Truth is, I avoid the CRC. And it isn't because of something the CRC did. But 22 years ago in UP Diliman, I enrolled in Filipino Psychology and my efforts earned me my very first Incomplete. We were required to raise funds for the benefit of the fledgling CRC, a course requirement that I had serious issues with. Well intentioned as the cause was, what had raising money got to do with whether one deserved to pass or not? I was young and I had yet to learn to compartmentalize my issues.
Usually, too, I avoid speaking in public on issues that have unresolved legal and political dimensions. Gabriela, Kabiba, and CRC, as we know, are involved in the Grecil Buya case, which I had been writing about in the last few weeks. Many momentous events have transpired since I first wrote about Grecil, and as my articles have made my position clear on the matter, it is heartening to know that people recognize why I have to remain unaligned in the interest of providing ethical professional help to the family and preserving my objectivity as a media practitioner.
It was probably unavoidable that Tuesday's discussions would touch on Grecil's case. However, I was assured that the input expected of me was on the general nature of the psychology of children who have experienced and are experiencing war.
I find it commendable that despite being publicly pilloried sometimes and accused even of further victimizing child victims to serve their political ends, civil society groups continue to doggedly work for the interest of children. Gabriela, Kabiba, and CRC have through the years put their money where their mouth is when it comes to protecting the Filipino child. I salute their countless volunteers on the ground who risk life and limb sometimes and generously extend overstretched resources just to help bring about a better life situation for distressed children. This is more than what the rest of us have been able to do.
We all got a surprise when Maj. Medel Aguilar of the 5th Civil Relations Group showed up at the forum. It is very, very rare for someone from the AFP to engage the public discourse on human rights in general, and especially on matters where AFP conduct is called to question.
On the issue of children of war, Caloy and I allowed ourselves to be our age. In our forty years in this country, we have never known a time when there was no war or the imminent threat of it. Forty years old, and Caloy has moved from being a firebrand (well, he doesn't smoke anymore) enough to wearily entertain the wish for a more humane war. Forty years old and I'm still a smoking termagant sometimes. To my mind, war is a lot of things. Sometimes it is necessary, sometimes it is justifiable. Never is it humane. So tell me, is there a humane way to kill?
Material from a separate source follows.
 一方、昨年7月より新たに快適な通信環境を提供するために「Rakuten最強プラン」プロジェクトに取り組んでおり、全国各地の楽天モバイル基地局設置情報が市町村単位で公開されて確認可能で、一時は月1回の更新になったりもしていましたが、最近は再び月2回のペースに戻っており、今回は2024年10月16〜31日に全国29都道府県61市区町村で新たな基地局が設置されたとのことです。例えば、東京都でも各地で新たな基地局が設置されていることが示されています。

In these forty years, all the sides that propagate war or play in its theater have spoken, yet the children have remained silent, for who indeed speaks for the children?
Children of war experience geographical dislocation, loss of social support, and disruption of family life and normal routine, often in a radically devastating manner. An adult would find that situation destabilizing at the very least. How much more the child? It would be to the interest of the child to be given professional help in processing his war experience and for his family life to normalize at the soonest possible time. In the Philippines, however, this is easier said than done.
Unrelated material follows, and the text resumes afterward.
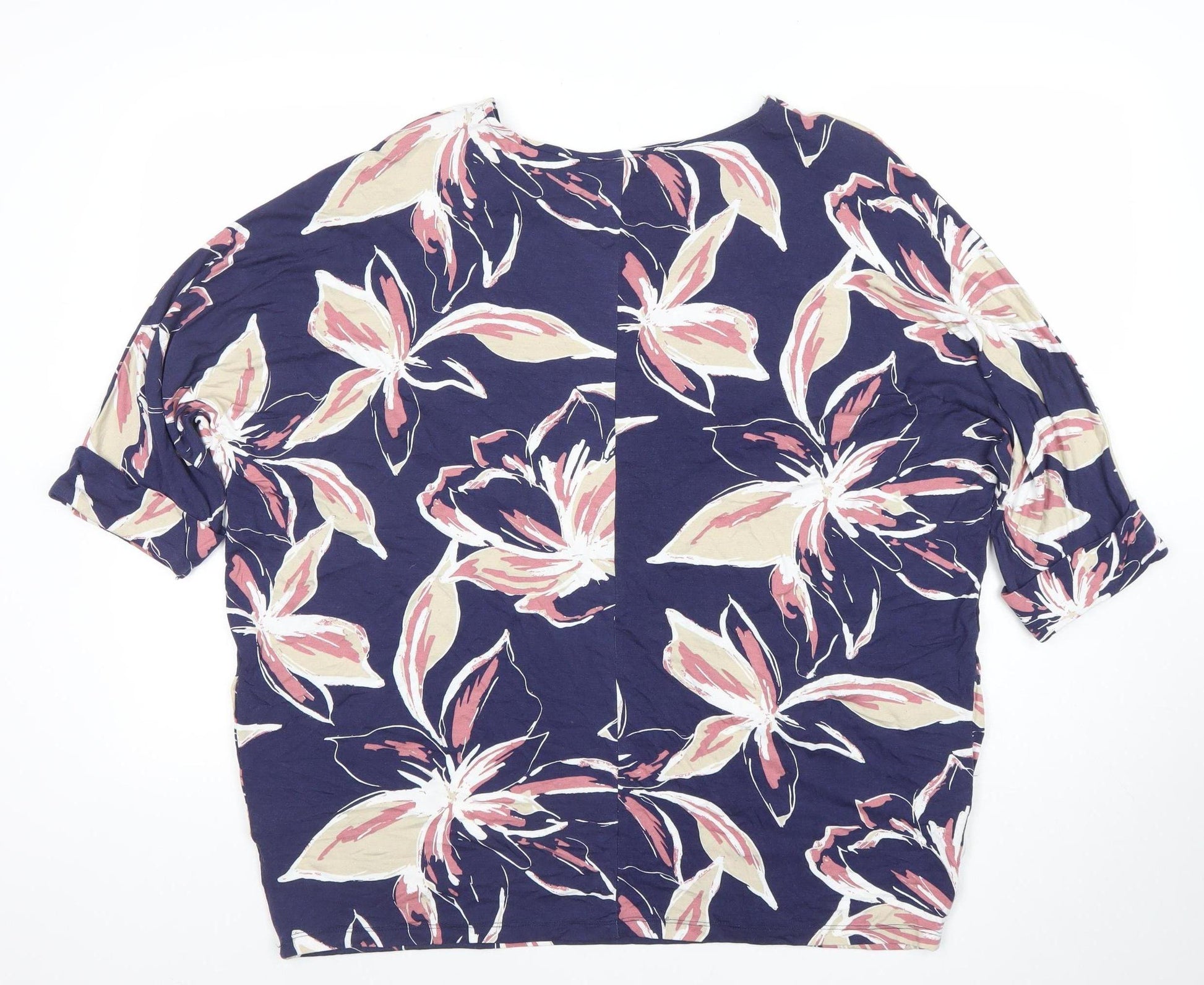 Womens Blue Floral Jersey Tunic Blouse Size 14

To begin with, there are contending paradigms in how experts view children's experience of war trauma and how best to process it. Is war trauma like a terminal illness — in which case it scars the child for life whatever you do — or is it like a virulent flu that devastates one for some time and yet could actually be wrestled to the ground such that one can move on and be a productive, empowered adult in the future? Are children of war walking time bombs that would propagate the culture of war, are they victims that would eventually end up filling a role in the cycle of abuse, or are they emerging creative and rational individuals who can benefit from efforts at rehabilitation?
My bias is indeed for the latter. As a psychologist, I work on the assumption that most children are resilient and that with the right intervention, traumatic experiences could be put in perspective and overcome. But psychosocial interventions ought to recognize individual differences. There are no set menus for dealing with war trauma. Sociocultural factors and the complexity of the developmental processes impact on coping and resilience. In this way, the relationship between the stressor and the outcome depends on many factors, to include but not limited to the child's previous experience, perception of the event, coping skills, and social support.
In traumatic situations, high emotions adversely affect memory-making. And because children have yet to perfect reality-testing, it often is the case that memories of war experience are shrouded in shadows where demons lurk and grow to terrifying proportions, leaving the child trapped helplessly in the deep dark past. These demons have to be exorcised before they set in and gain power to debilitate the child for life. In the light of day, the scene of trauma should be seen for what it is — that something bad did indeed happen there, but that is now in the past.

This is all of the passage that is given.